Work to be completed. Exact wording is needed for every line from the one holding "白いテーブルの上に置かれた白いブーケ ブライダル・ウェディングイメージ" to the end of the records below; write those lines out and omit the pictures.

<<<<

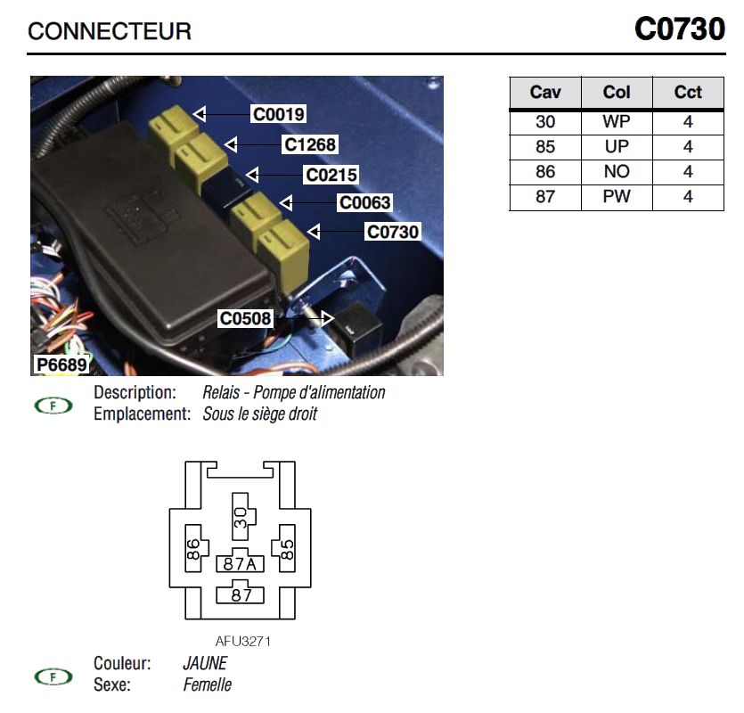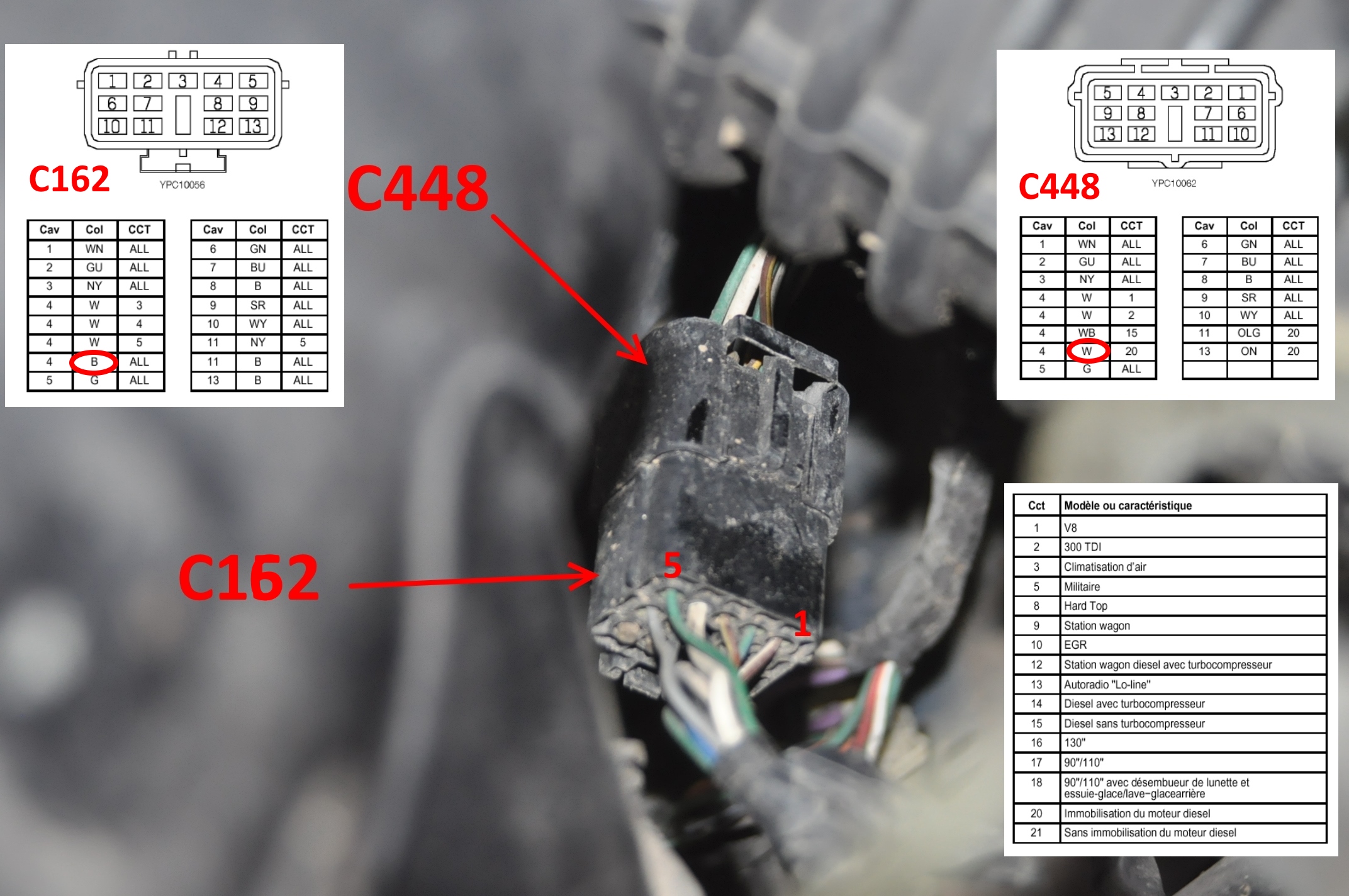 Regarde broche 4, il y a bien plusieurs cas possibles et là, je soupçonnerai une erreur ou une simplification drastique dans le schéma constructeur de l'immobilisateur concernant la couleur W (blanc) ou noir (B) et les connecteurs C162 et C 448 qui n'y sont pas mentionnés en cas de boitier immobilisateur, pourtant ils sont bien là.
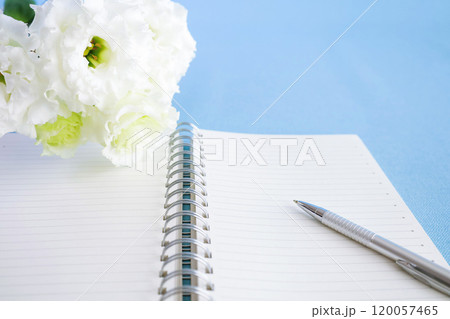 白いテーブルの上に置かれた白いブーケ ブライダル・ウェディングイメージ
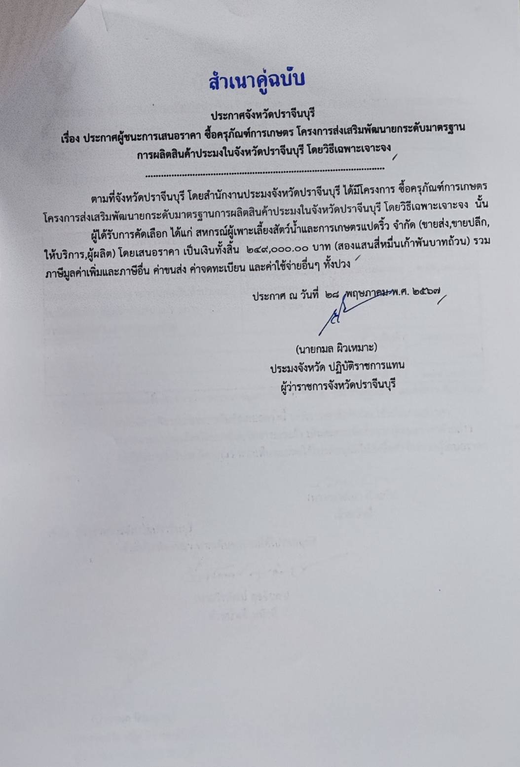 ประกาศผู้ชนะเสนอราคา จัดซื้อครุภัณฑ์การเกษตร โครงการส่งเสริมพัฒนายกระดับมาตรฐานการผลิตสินค้าประมงในจังหวัดปราจีนบุรี
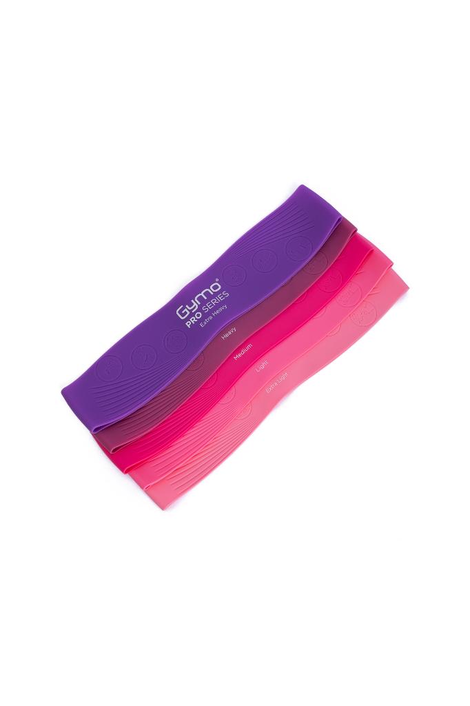 Gymo Pro Series Çantalı Direnç Bandı Fitness Pilates Esnetme Lastiği 5'li Set Silikon Mor
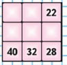 40 + 32 + 28 = 100 - сумма в каждой строке, каждом столбце и из угла в угол.
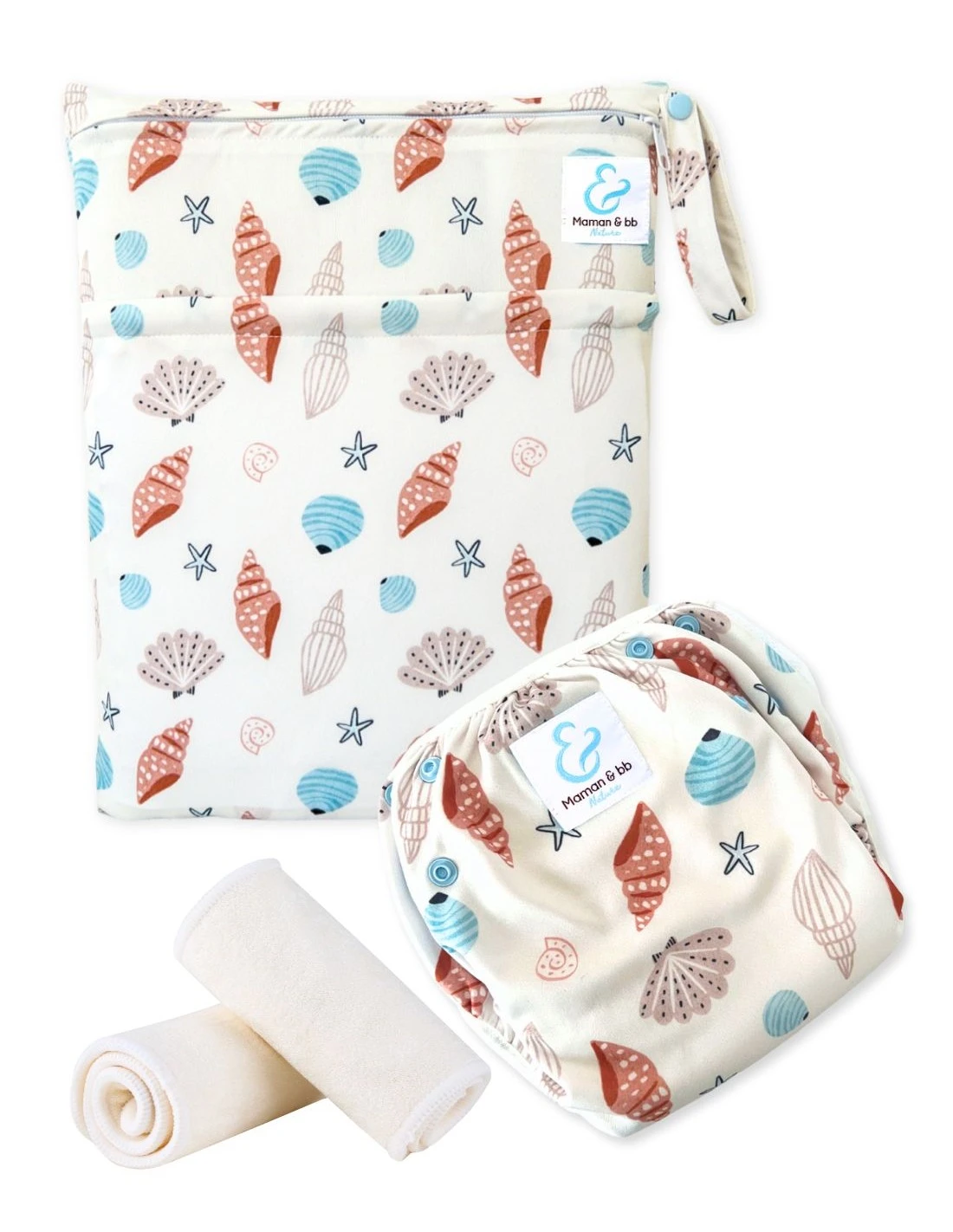 Kit Baignade Bébé – Couche Maillot De Bain Lavable + Sac Imperméable + Inserts – Calypso
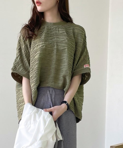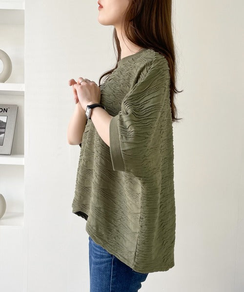 《メンズも着れちゃう、ふくれジャガードドルマンプルオーバー》
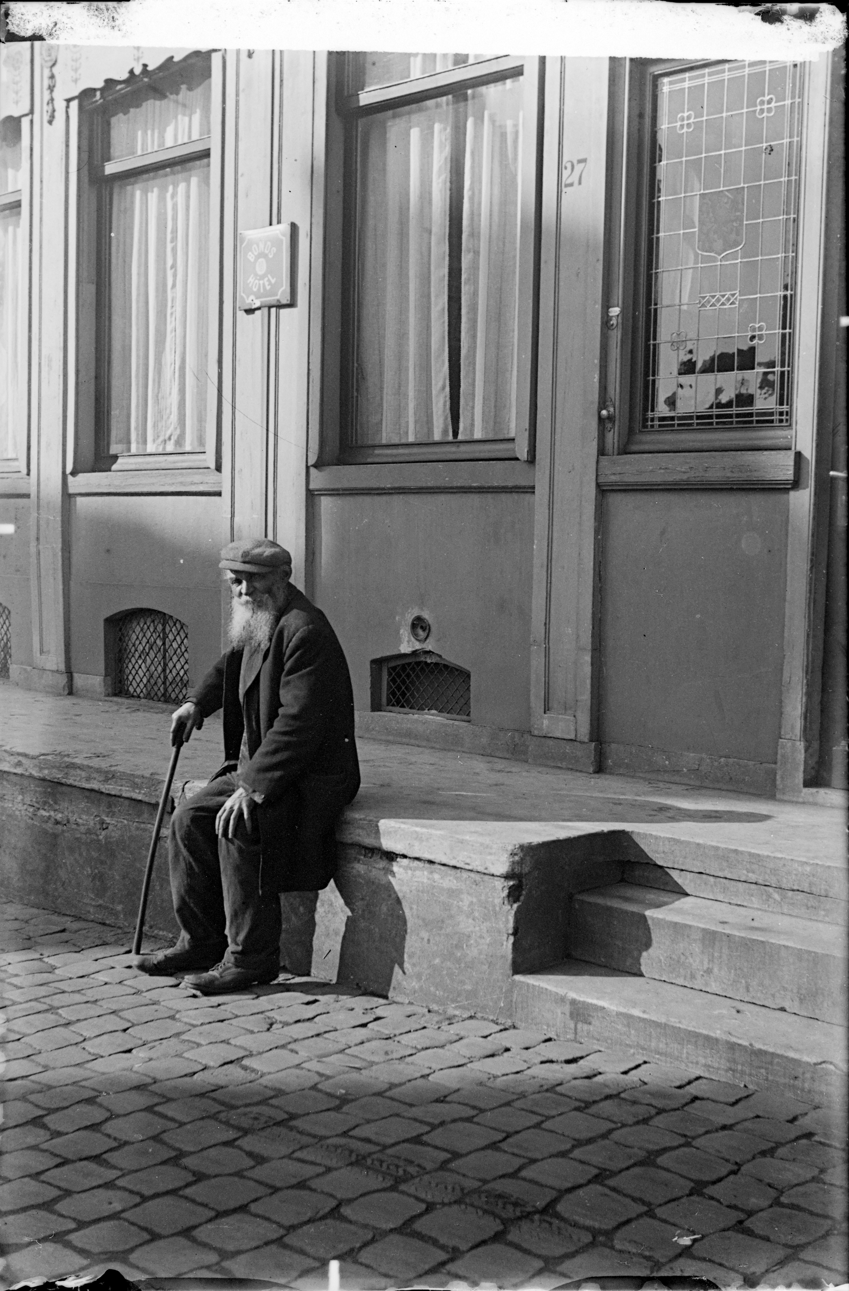 - Bejaarde man neemt zijn rust op de stoep van Hotel Bellevue in de Boomstraat.
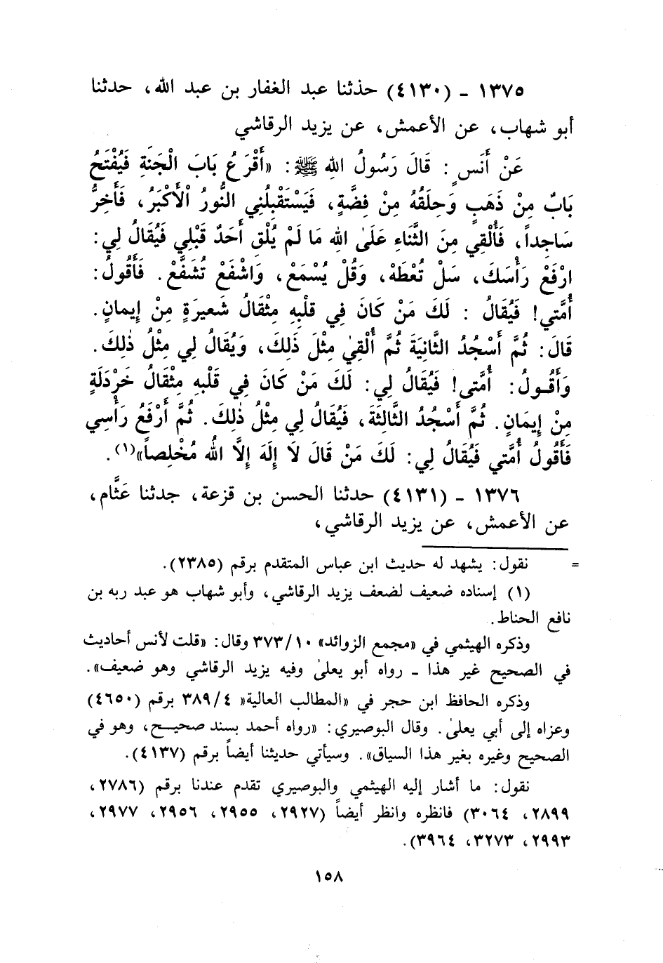 4130 - حَدَّثَنَا عَبْدُ الْغَفَّارِ بْنُ عَبْدِ اللَّهِ، حَدَّثَنَا أَبُو شِهَابٍ، عَنِ الْأَعْمَشِ، عَنْ يَزِيدَ الرَّقَاشِيِّ، عَنْ أَنَسٍ، قَالَ رَسُولُ اللَّهِ صَلَّى اللهُ عَلَيْهِ وَسَلَّمَ: " §أَقْرَعُ بَابَ الْجَنَّةِ فَيُفْتَحُ بَابٌ مِنْ ذَهَبٍ وَحِلَقُهُ مِنْ فِضَّةٍ، فَيَسْتَقْبِلُنِي النُّورُ الْأَكْبَرُ، فَأَخِرُّ سَاجِدًا، فَأُلْقِي مِنَ الثَّنَاءِ عَلَى اللَّهِ مَا لَمْ يُلْقِ أَحَدٌ قَبْلِي، فَيُقَالُ لِي: ارْفَعْ رَأْسَكَ، سَلْ تُعْطَهْ، وَقُلْ يُسْمَعْ، وَاشْفَعْ تُشَفَّعْ، فَأَقُولُ: أُمَّتِي، فَيُقَالُ: لَكَ مَنْ كَانَ فِي قَلْبِهِ مِثْقَالُ شَعِيرَةٍ مِنْ إِيمَانٍ، قَالَ: ثُمَّ أَسْجُدُ الثَّانِيَةَ، ثُمَّ أُلْقِي مِثْلَ ذَلِكَ، وَيُقَالُ لِي: مِثْلُ ذَلِكَ، وَأَقُولُ: أُمَّتِي، فَيُقَالُ لِي: لَكَ مَنْ كَانَ فِي قَلْبِهِ مِثْقَالُ خَرْدَلَةٍ مِنْ إِيمَانٍ، ثُمَّ أَسْجُدُ الثَّالِثَةَ، فَيُقَالُ لِي: مِثْلُ ذَلِكَ، ثُمَّ أَرْفَعُ رَأْسِي فَأَقُولُ: أُمَّتِي، فَيُقَالُ لِي: لَكَ مَنْ قَالَ: لَا إِلَهَ إِلَّا اللَّهُ مُخْلِصًا "Kإسناده ضعيف
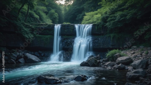Fototapeta premium A waterfall in a lush green forest with flowing water and rocks, capturing a...

>>>>

Solved exercise.
 白いテーブルの上に置かれた白いブーケ ブライダル・ウェディングイメージ
 ประกาศผู้ชนะเสนอราคา จัดซื้อครุภัณฑ์การเกษตร โครงการส่งเสริมพัฒนายกระดับมาตรฐานการผลิตสินค้าประมงในจังหวัดปราจีนบุรี
 Gymo Pro Series Çantalı Direnç Bandı Fitness Pilates Esnetme Lastiği 5'li Set Silikon Mor
 40 + 32 + 28 = 100 - сумма в каждой строке, каждом столбце и из угла в угол.
 Kit Baignade Bébé – Couche Maillot De Bain Lavable + Sac Imperméable + Inserts – Calypso
 《メンズも着れちゃう、ふくれジャガードドルマンプルオーバー》
 - Bejaarde man neemt zijn rust op de stoep van Hotel Bellevue in de Boomstraat.
 4130 - حَدَّثَنَا عَبْدُ الْغَفَّارِ بْنُ عَبْدِ اللَّهِ، حَدَّثَنَا أَبُو شِهَابٍ، عَنِ الْأَعْمَشِ، عَنْ يَزِيدَ الرَّقَاشِيِّ، عَنْ أَنَسٍ، قَالَ رَسُولُ اللَّهِ صَلَّى اللهُ عَلَيْهِ وَسَلَّمَ: " §أَقْرَعُ بَابَ الْجَنَّةِ فَيُفْتَحُ بَابٌ مِنْ ذَهَبٍ وَحِلَقُهُ مِنْ فِضَّةٍ، فَيَسْتَقْبِلُنِي النُّورُ الْأَكْبَرُ، فَأَخِرُّ سَاجِدًا، فَأُلْقِي مِنَ الثَّنَاءِ عَلَى اللَّهِ مَا لَمْ يُلْقِ أَحَدٌ قَبْلِي، فَيُقَالُ لِي: ارْفَعْ رَأْسَكَ، سَلْ تُعْطَهْ، وَقُلْ يُسْمَعْ، وَاشْفَعْ تُشَفَّعْ، فَأَقُولُ: أُمَّتِي، فَيُقَالُ: لَكَ مَنْ كَانَ فِي قَلْبِهِ مِثْقَالُ شَعِيرَةٍ مِنْ إِيمَانٍ، قَالَ: ثُمَّ أَسْجُدُ الثَّانِيَةَ، ثُمَّ أُلْقِي مِثْلَ ذَلِكَ، وَيُقَالُ لِي: مِثْلُ ذَلِكَ، وَأَقُولُ: أُمَّتِي، فَيُقَالُ لِي: لَكَ مَنْ كَانَ فِي قَلْبِهِ مِثْقَالُ خَرْدَلَةٍ مِنْ إِيمَانٍ، ثُمَّ أَسْجُدُ الثَّالِثَةَ، فَيُقَالُ لِي: مِثْلُ ذَلِكَ، ثُمَّ أَرْفَعُ رَأْسِي فَأَقُولُ: أُمَّتِي، فَيُقَالُ لِي: لَكَ مَنْ قَالَ: لَا إِلَهَ إِلَّا اللَّهُ مُخْلِصًا "Kإسناده ضعيف
Fototapeta premium A waterfall in a lush green forest with flowing water and rocks, capturing a...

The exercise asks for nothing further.